Andre heard an interview on the radio the other day between the host and a
retired Christian banker named Leo Andringa. Here are some excerpts:
".., over the past twenty years, international trade in money has increased
not four times, but ONE HUNDRED times! ...Billions of euros, dollars, yen and
other units of currency flip from one side of the world to the other instantly
each day. People also think up and try out more and more financial instruments
in the trade of both stocks and goods, such as stock options, swaps, futures
and other so-called derivatives. ...These developments in international
currency speculation have gradually led to the remarkable situation that the
volume of international trade in money and money products is now, as mentioned,
ONE HUNDRED TIMES GREATER than the total volume of international trade in goods
and services. Money is therefore not merely the flip side of the goods and
services coin. IT HAS BECOME AN INDEPENDENT GOOD OR PRODUCT IN ITS OWN RIGHT.
..."
"What people buy and what people sell, in other words what people VALUE, can
never be contained by any intellectual formula." (LILA, p 225)
dmb says:
Yes, I've heard the same thing from regular economists.
Isn't it interesting how this situation parallels the larger philosophical
problem that Pirsig sets his sights upon. When reason dominates and
abstractions rule, we value symbols more than the actualities they represent.
The fact that this extends to economics seems to show that we are consistent in
our foolishness.
In recent years we've all heard about bubbles bursting. The tech bubble, the
dot com bubble, and more recently the housing bubble. This are
industry-specific versions of this broader, global discrepancy between the
money in circulation and the actual assets on the ground. And these bubbles
have been intentionally created, usually by Greenspan at the Fed. It used to be
that the Federal Reserve Bank could speed up a slowing economy by lowering
interest rates, but they tinkered so often that they lowered it down to nothing
and there was no more room to go any lower. So, as they dreamed up increasingly
desperate ways to keep the economy from sputtering out these bubbles were
manufactured. And of course the bad thing about bubbles is that there's no
there there. It's a fragile, unstable form that contains nada. The housing
bubble is directly related to the creation of a new financial instrument
wherein mortgage contracts are bundled into huge packages and sold to investors
all ove
r the world. When that became the central aim, the banks got very, very sloppy
about the actual value and quality of the mortgage contracts. They were loaning
the price of a house to people with no job, no income and no assets.
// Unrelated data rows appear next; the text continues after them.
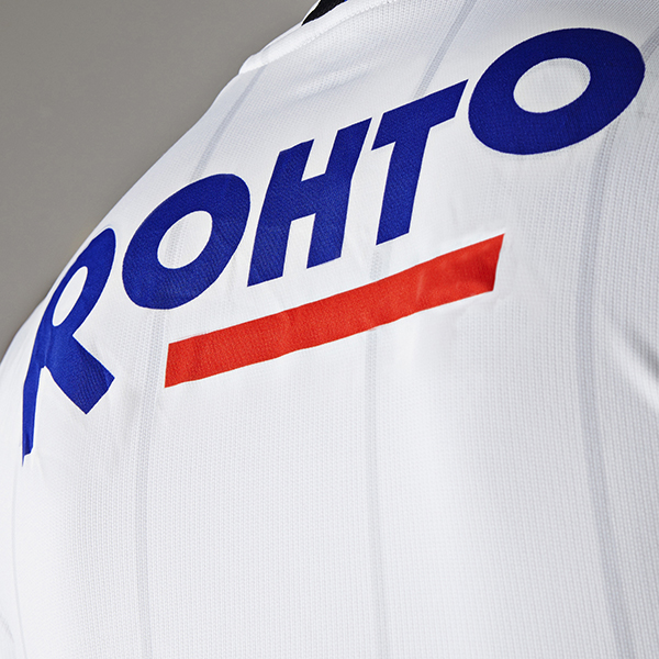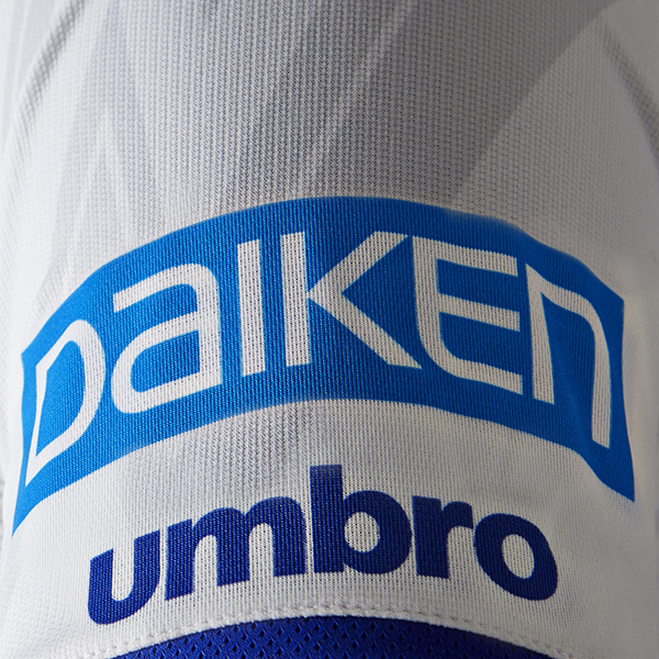 The new Umbro shirt is white and features a blue and black diagonal sash effect. This colouring is repeated on some neat details on the hybrid V-neck/roundneck collar and the cuffs.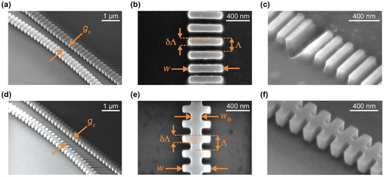 A Zeiss Sigma scanning electron microscope (SEM, Carl Zeiss AG, Jena, Germany) was used to image the fabricated photonic chips. Imaging was carried out to compare the designed dimensions to the fabricated structures and identify any fabrication limitations or unexpected effects. In-lens and secondary electron detectors were used to take top-view and angled-view (45° tilt) images of the photonic devices. ImageJ was used to measure the dimensions of the fabricated SWG waveguides on top-view SEM images taken at 50,000× magnification. For each geometrical parameter (w, Λ, δ, and wfb), five measurements were taken and then averaged to give a more representative estimation.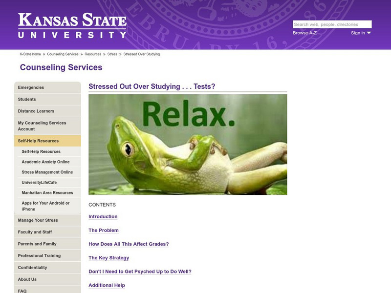 Kansas State Univ.: Stressed Out Over Studying Tests?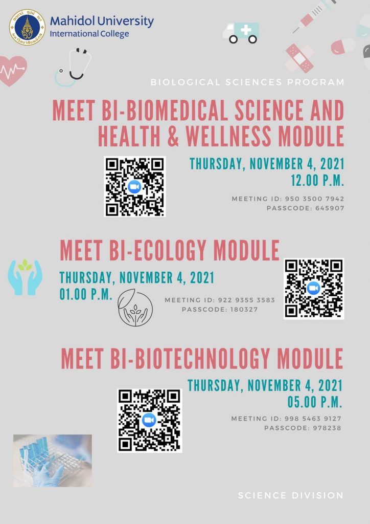- 12.00 p.m.: Meet BI-Biomedical Science and Health & Wellness Modules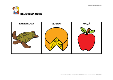 | Nº Visualizações: 913 Nº Pranchas Relacionadas: 1 Tipo: Word Prancha Dinâmica: NÃO Descrição: Prancha de comunicação elaborada com símbolos ARASAAC para seleção de rima com a palavra beijo. Prancha com 3 opções de seleção para imprimir. Nível: iniciante Autor: Luciana Rivillini Ferreira Profissão: Estudante de Terapia Ocupacional UFRJ E-mail: lurivillini@gmail.com | |||||||||

Paul Krugman explained this in editorials and articles and warned of its danger
6 or 7 years ago. I'd bet he wasn't the only one who saw it coming.
It seems that infrastructure spending is a more realistic way to stimulate the
economy. No only does it produce a lot of paychecks during construction, when
you're done the nation has a real, tangible asset. That's real wealth. Stuff
you can use, like roads, bridges and more imaginative conveniences. Everybody
can see that the energy and transportation sectors are on the verge of a major
transformation and there's really no choice about if we're going to have to
switch. Oil is finite. Period. Let's get crackin' before it gets rough. And
since tanks and jets don't run without lakes of fuel, it will get rough.
Nations will fight to keep their defense infrastructure viable, no matter what
other interests or power arrangements they may have.